[Data for this exercise]
● ● ● ●
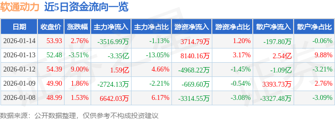 证券之星消息,截至2026年1月14日收盘,软通动力(301236)报收于53.93元,上涨2.76%,换手率7.34%,成交量57.47万手,成交额31.03亿元。
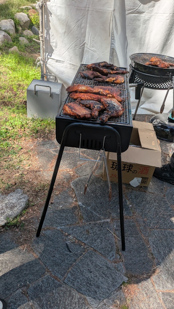 ゲートをくぐり、谷底から30メートルも高い橋を渡って、すぐに見えたのがこれ。長い時間を掛けて煙で薫製したチキンがお出迎え。駅前の小木曽製麺所で大盛り盛りそばを食べたばっかりだっので涙を飲んでスキップした。
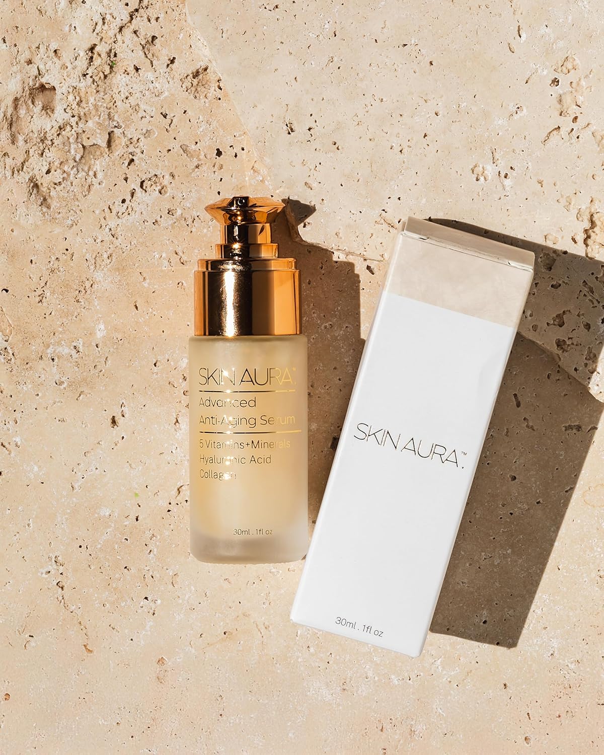SKIN AURA Advanced Anti-Aging Serum - All-In-One Formula Visibly Improves Wrinkles, Fine Lines & Age Spots with 5 Vitamins + Minerals, Hyaluronic Acid & Collagen Peptides - 30ml (1oz)
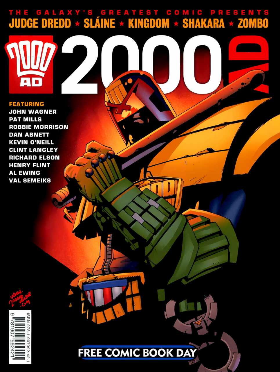 Tharg the Mighty - Tharg and the Intruder (reprint from 2000AD prog 24) (script/art: Kevin O'Neill)Judge Dredd - S.A.M. (reprint from 2000AD prog 1374) (John Wagner - Val Semeiks/Cliff Robinson)Slaine - The Books of Invasions - Moloch (part 1) (reprint from 2000AD annual Prog 2003) (Pat Mills - Clint Langley)Kingdom (part 1) (reprint from 2000AD annual Prog 2007) (Dan Abnett - Richard Elson)Shakara (part 1) (reprint from 2000AD annual Prog 2002) (Robbie Morrison - Henry Flint)Obmoz battles the Twinkie Winkler (art: Henry Flint)2000AD Free Comic Book Day (FCBD) (2011)
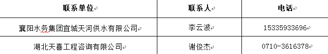 招標(biāo)人:襄陽(yáng)水務(wù)集團(tuán)宜城天河供水有限公司
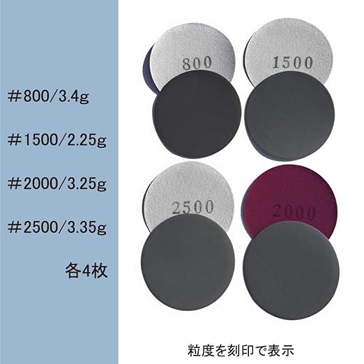 【ASPALAND】 耐水 ペーパー サンドペーパー 丸型 サンダー用 紙 やすり 鏡面磨き 125mm セット (各4枚 800 1500 2000 2500)
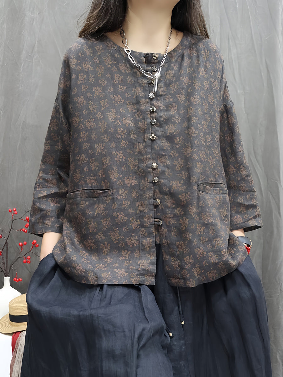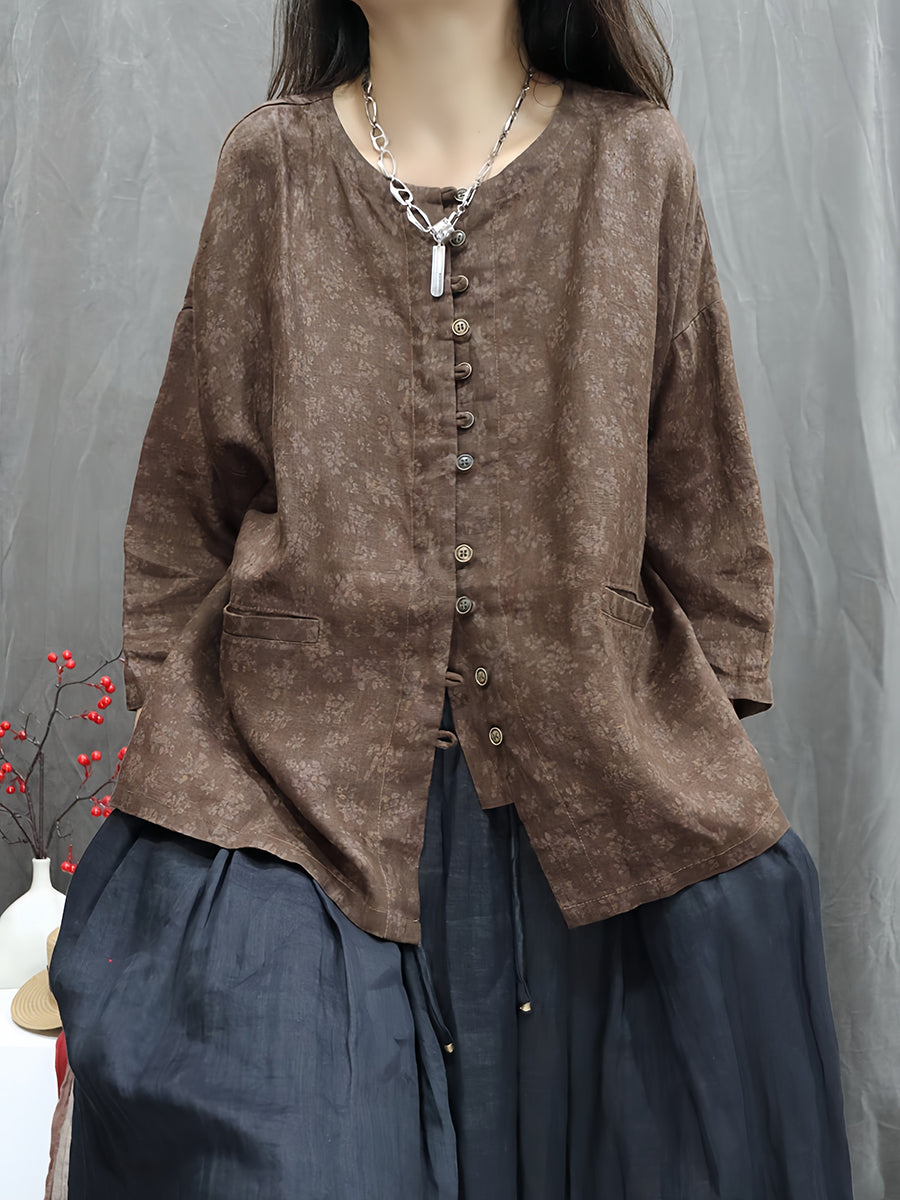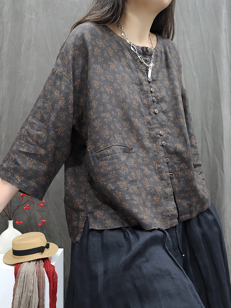 女士藝術風春季花卉圖案100%亞麻圓領襯衫
● ● ● ●
[What you will do] A word-for-word copy is needed of the lines from the line holding "ゲートをくぐり、谷底から30" through the end of the records, both included, excluding every picture.

[Answer box]
 ゲートをくぐり、谷底から30メートルも高い橋を渡って、すぐに見えたのがこれ。長い時間を掛けて煙で薫製したチキンがお出迎え。駅前の小木曽製麺所で大盛り盛りそばを食べたばっかりだっので涙を飲んでスキップした。
SKIN AURA Advanced Anti-Aging Serum - All-In-One Formula Visibly Improves Wrinkles, Fine Lines & Age Spots with 5 Vitamins + Minerals, Hyaluronic Acid & Collagen Peptides - 30ml (1oz)
 Tharg the Mighty - Tharg and the Intruder (reprint from 2000AD prog 24) (script/art: Kevin O'Neill)Judge Dredd - S.A.M. (reprint from 2000AD prog 1374) (John Wagner - Val Semeiks/Cliff Robinson)Slaine - The Books of Invasions - Moloch (part 1) (reprint from 2000AD annual Prog 2003) (Pat Mills - Clint Langley)Kingdom (part 1) (reprint from 2000AD annual Prog 2007) (Dan Abnett - Richard Elson)Shakara (part 1) (reprint from 2000AD annual Prog 2002) (Robbie Morrison - Henry Flint)Obmoz battles the Twinkie Winkler (art: Henry Flint)2000AD Free Comic Book Day (FCBD) (2011)
 招標(biāo)人:襄陽(yáng)水務(wù)集團(tuán)宜城天河供水有限公司
 【ASPALAND】 耐水 ペーパー サンドペーパー 丸型 サンダー用 紙 やすり 鏡面磨き 125mm セット (各4枚 800 1500 2000 2500)
 女士藝術風春季花卉圖案100%亞麻圓領襯衫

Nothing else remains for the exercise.